Global companies may have to apply local rules to their business practices in light of European court ruling that upheld antitrust penalties against Microsoft , attorneys said.
By forcing Microsoft to play by European rules and comply with court orders, such as the ruling that forces Microsoft to strip Media Player from Windows in Europe, the European Commission may hope to set a precedent for controlling corporations with a firm hand.
Microsoft General Counsel Brad Smith played down the significance of today’s ruling.
“The truth is we’re all going to have to wait until the merits of the case are decided before there is any judicial precedent in Europe.”
Robert Badal, a partner in the Los Angeles office of Heller Ehrman White & McAuliffe, and who specializes in intellectual property law, believes the ruling illustrates a growing gap between the approaches of the EU and the U.S. to intellectual property. He also said he thinks the ruling will stifle innovation.
Judge Bo Vesterdorf’s decision not to grant Microsoft a stay from the penalties while it appeals the European Commission’s antitrust penalties, he said, illustrates that the EU is quick to conclude that a company should be compelled to share its intellectual property with competitors.
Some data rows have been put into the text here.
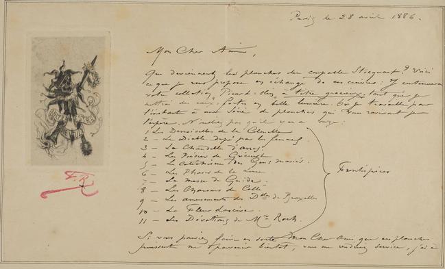 retoucher ces planches & à leur donner une nouvelle rareté, en les complétant par un travail dernier qui devait être fait, & qui ne l’a jamais été. Inutile de vous dire que puisque je m’engage à vous faire parvenir toutes les eaux fortes que je vais faire, vous serez un des premiers à recevoir les épreuves nouvelles de cette série & tirées comme ces imbéciles n’ont jamais pu le faire !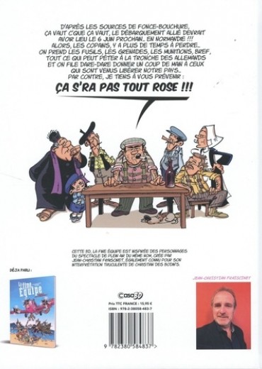 Cette BD, la fine équipe est inspirée des personnages du spectacle de plein air du même nom, crée par Jean-Christophe Fraiscinet, également connu pour son interprétation truculente de Christian des Bodin's.
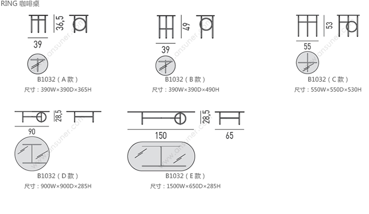 RING 咖啡桌 系列尺寸/示意图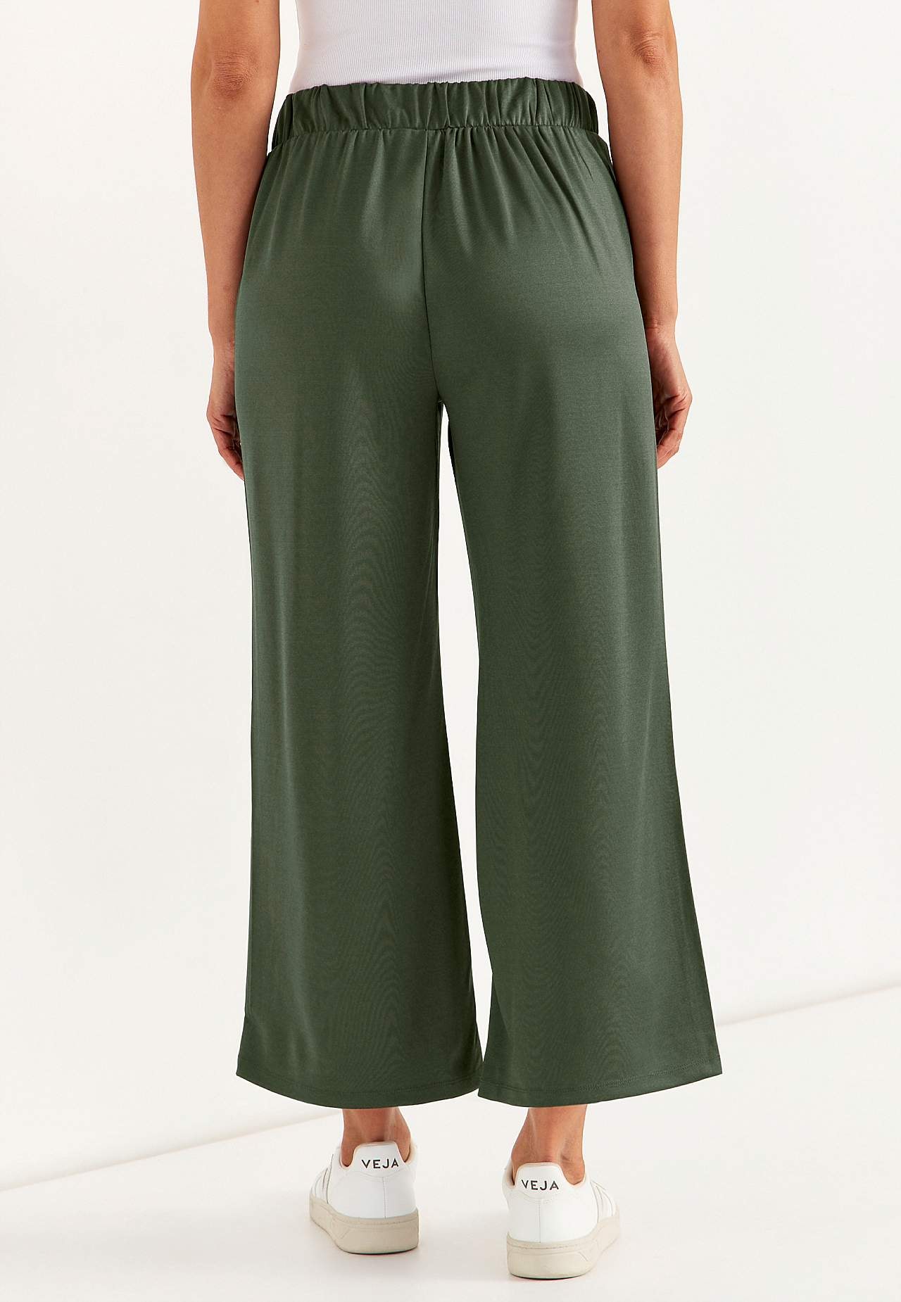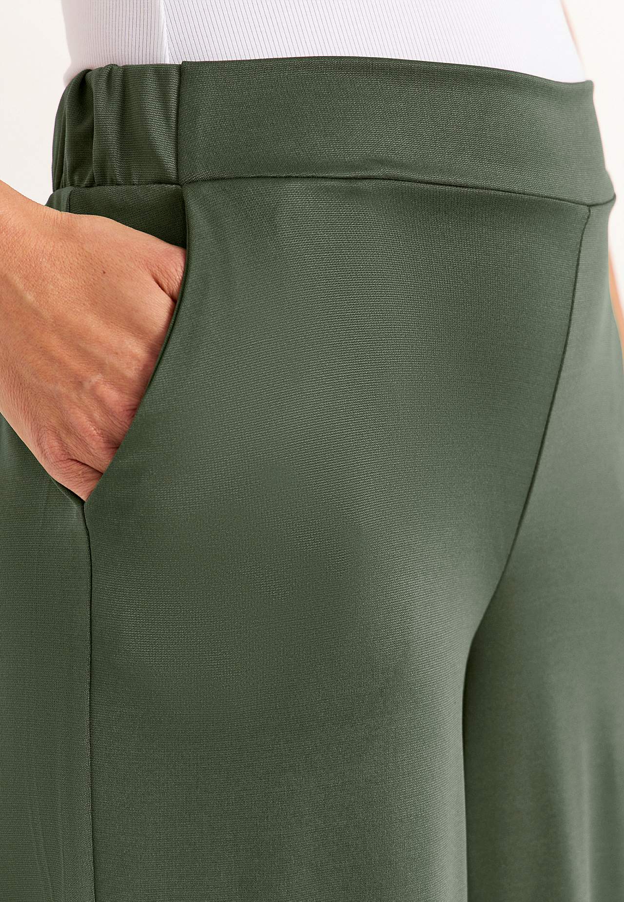 Spodnie do kostki ze szerokimi nogawkami. Gładki dżersej ze stretchem i miłym połyskiem. Szeroki pas z krytą gumką z tyłu. Boczne kieszenie. Długość wewnętrzna nogawki ok. 62 cm we wszystkich rozmiarach. Głębokość z przodu różni się w zależności od rozmiaru: około 26-37 cm.

Heller Ehrman has represented Microsoft, but not in this matter.
“This will have a chilling effect on innovators,” he said, adding that there is a direct correlation between the amount of innovation a company produces and the risk of being forced to share those innovations with competitors.
Directions on Microsoft analyst Matt Rosoff said, “What Microsoft doesn’t want is a legal precedent under which a government agency can tell Microsoft what it can and can’t put into Windows. And I think what the EC is trying to do is create that legal precedent.”
The European Court of First Instance refused to relieve Microsoft from complying with the judgment levied by antitrust regulators, thereby enforcing penalties that go much further than what the U.S. Department of Justice imposed in an antitrust settlement.
Microsoft asked the EU high court to suspend the judgment levied by the European Commission in March.
Badal said suspending the penalty would have been the proper thing for the court to do.
“A suspension would [have been] in order, because if the penalties go in effect, you’ve gutted the appeal,” Badal said. If Microsoft were forced to share its intellectual property, and then prevailed in the appeal, the harm would be done, Badal said.
On the other hand, if the penalties had been suspended, by the time the appeal process ended, the EU’s order to sever the media player from the operating system might have been moot. Microsoft plans to release Longhorn, its next-generation OS, in 2006. Since Longhorn is being built from the ground up, Microsoft could argue that the 2004 ruling does not cover it — if the operating system even contains something called Windows Media Player.
“Microsoft was asking the court to take a huge leap of faith
pending outcome of final decision,” said Andre Bywater, an attorney in the Brussels office of Eversheds, LLP. He said that in domestic cases in both the UK and France, it’s extremely difficult to persuade courts to suspend judgments.
In fact, in a press conference, Smith noted that the ECJ grants interim relief from the judgment only 17 percent of the time.
CompTIA, a computer industry trade association of which Microsoft is a member, said the ruling would have negative consequences for the IT industry and consumers.
CompTIA general counsel Lars Liebeler pointed out that the issue of Microsoft’s bundling the media player with the operating system had been intensely litigated in the U.S. “How do you resolve two giant jurisdictions coming up with different rules of law?” he asked. “That puts a pretty heavy burden on industry.
Taking into account the EU’s approach to intellectual property, Badal said, is “clearly a cost of doing business globally.” But he doesn’t believe that any products developed using the server protocols Microsoft was forced to license will limit the damage. “The products will certainly slip out into other markets,” he said.
Bywater said that the European Commission has been criticized in the EU for its concentration of judicial power. “The Commission is jury and judge and hangman, and you can’t go to appeal and get a judgment in a couple of months,” he said.
“For the Commission’s decision, Microsoft will have had a hearing behind closed doors where you just have the Commissioner sitting at the end of a big table nodding sagely. I’m sure Microsoft would have found that frustrating,” he said. The actual appeal of the ruling, which will take place before a panel of five judges in the Court of First Instance, will be more like the U.S. Supreme Court operates, Bywater said.
“EU court procedure is very much a written procedure,” Bywater added. One judge, acting as rapporteur, will prepare an internal report and recommendations for the ruling. Vesterdorf will have to defend or support his ruling, as the judges argue together. Oral arguments before the court will be limited. However, the judges must reach consensus.
Bywater said that Vesterdorf’s ruling can be viewed as a snapshot of the court’s thinking on the case. But in another three years, after having reviewed all the documents and had a full hearing, Bywater said, “He might come to a different decision.”
Erin Joyce contributed to this story.